先日公開されたシーズン2も一気に観た。それなりに面白かったが、人に勧めるかどうかは微妙だった。
何がダメだったのかというと(ダメではないが)、主人公である山田孝之演じる村西監督が「最初から最後まで何考えてるか分からなかった」、そして「悪い意味で魅力が感じられなかった」という点だ。これは何も監督が悪いことをしたからとか、ダサいオッサンになったとか、そういうことではない。むしろシーズン1では「ダメだからこそメチャクチャ魅力的な人物」であることが上手に描かれていた。
シーズン2は村西監督の転落物語だ。事業に失敗するわ仲間は裏切るわ命乞いはするわ……と、最初から最後までいいとこ無しのダメ男。でも、それは全然いい。そう描こうというのが本作の意図であるし、「愛すべきクズ」は歴史的にみても一定数存在している。
問題は、主要キャラの黒木香やトシその他大勢が「そんなダメ男を命がけで守ろうとする」という点。その理由について作中では「村西監督の魅力に取り憑かれてしまったから」というふうに説明されているのだが……その肝心の「魅力」が全然伝わってこないのである。
シーズン1の村西監督であれば、命がけで守るのもうなずける。しかしシーズン2の監督には、「愛すべき」ポイントが見当たらない。つまり、黒木香さんやトシはシーズン1の思い出だけを引きずってシーズン2で命をかけたことになる。
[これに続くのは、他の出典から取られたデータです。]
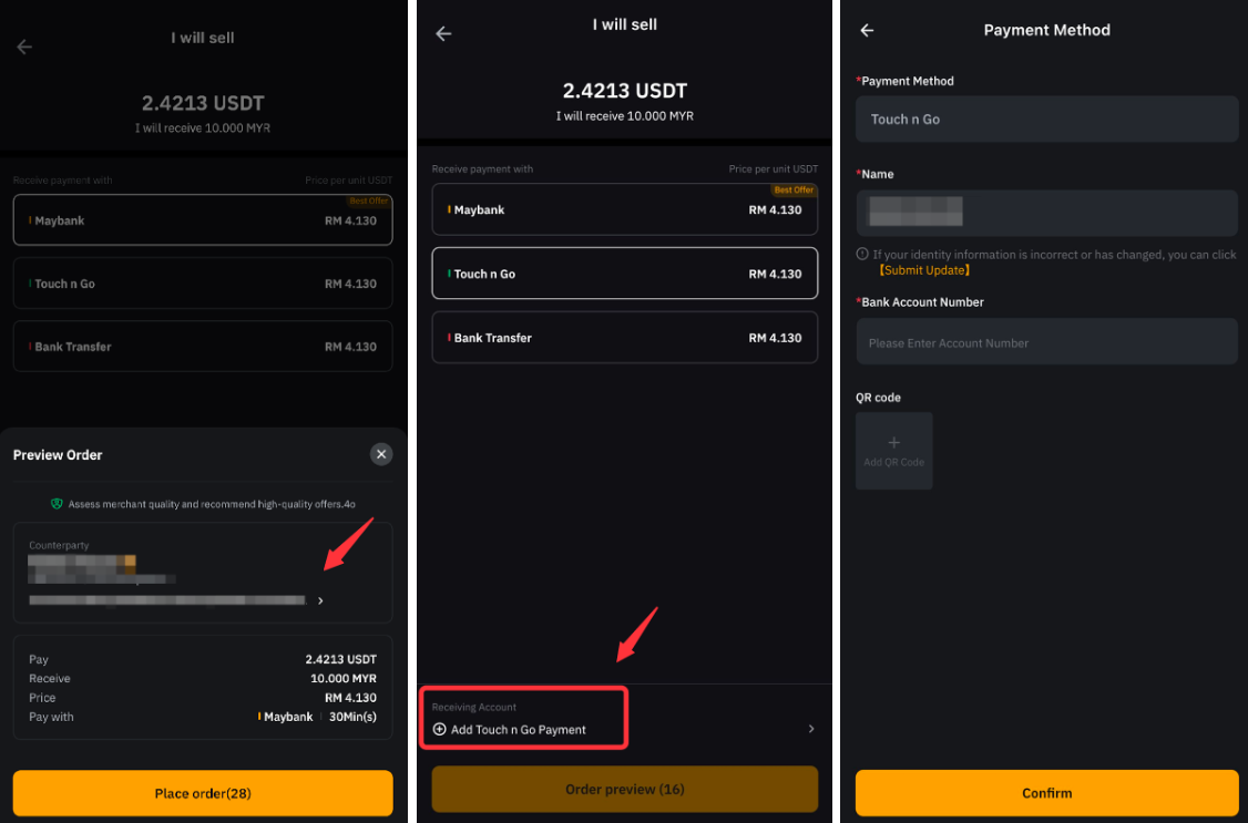 The payment method listed by the advertiser will be shown. If you have not added the matched payment method, please add it by clicking the Add Payment Method button and filling in your payment receiving account.
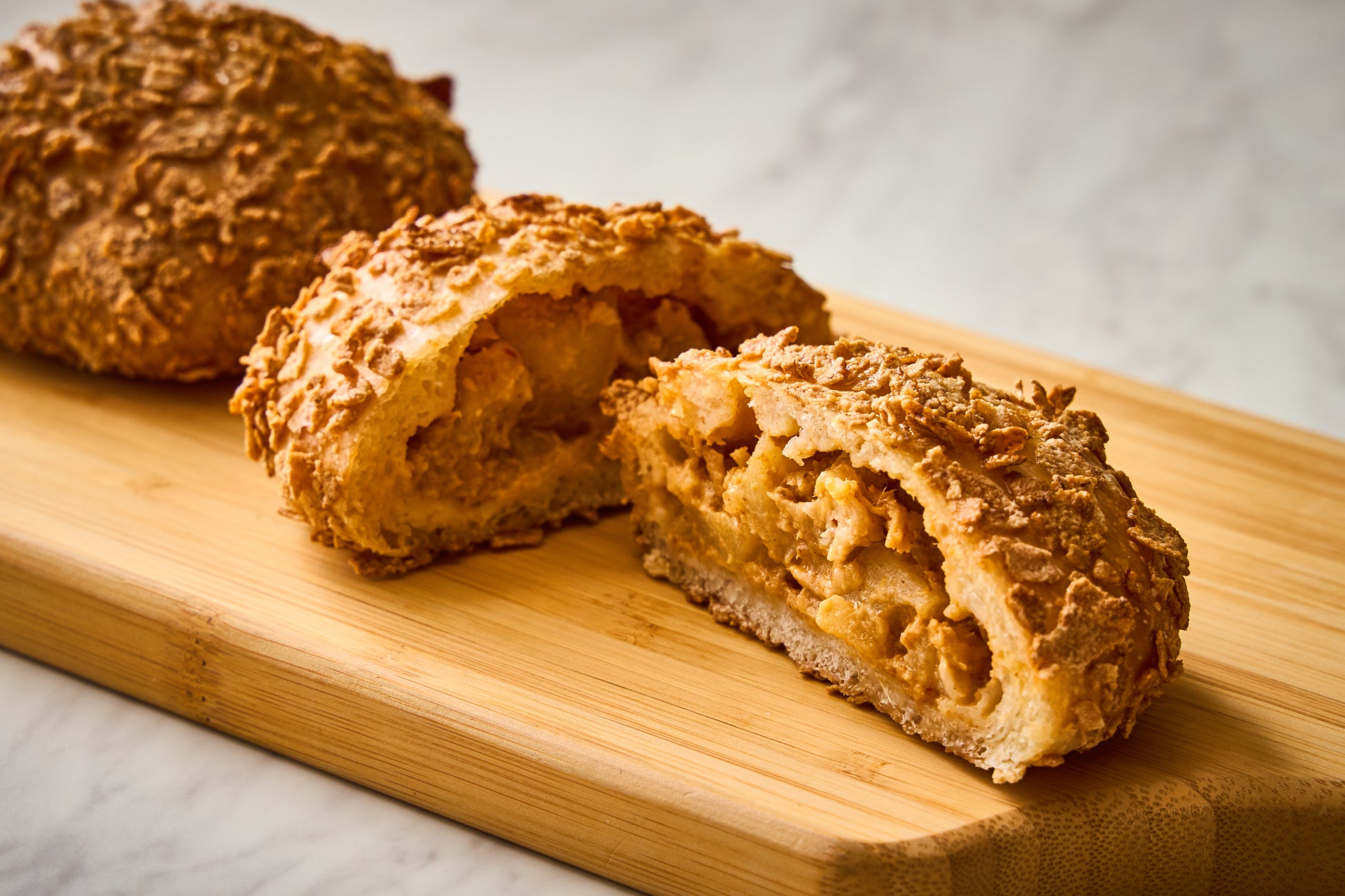 タイ発祥のココナッツミルクを使用した、独特な味わいが魅力の「マッサマンカレー」を包み、香ばしく焼き上げたカレーパンです。生地には食べ応えのある玄米フレークを使用し、カリカリとした食感が楽しめます。ココナッツミルクのまろやかな甘さとスパイスの調和が絶妙で、カレーの奥深い風味が口いっぱいに広がります。食事やおやつにもおすすめです。

まぁ、ほとんどの人はシーズン1から観ているだろうから、”前半で全ての徳を積んだ男”と捉えられなくもないが……せめてシーズン2にも、ほんの一瞬でいいから“監督の本心”が感じ取れるシーンが欲しかった。「本当は仲間のことを想ってるんだな」とか「本当は新作を撮りたいんだろうな」とかさ……。
ちなみに私は一応ライターを職業にしている身だが、“内容は良いのにな〜んか読みづらい記事”を書いてしまうことがある。これは構成とか演出といったすごく微妙な問題であり、実際に書き終えてみるまで分からない部分が大きい。
シーズン2は台本も展開も全然悪くなかった。ただ実際に8時間ぶっ通しで見ると……少しだけ、足りないシーンと余計なシーンがあった、ということのような気がする。作品を作るのって本当に難しいですよね。
シーズン2では「また『SMっぽいの好き』みたいな作品を撮ってよ」と言われた村西監督が、「あんなもん狙って撮れるワケないだろ!」と激昂するシーンがある。今になってみると『全裸監督シーズン1』は、まさに『SMっぽいの好き』だったのではないか。あれぞ狙わずして撮った奇跡の作品……なのかもしれない。
……などと期待値が高すぎたために辛口なことを言ってしまったが、シーズン2も面白いので絶対に観るべきではあります!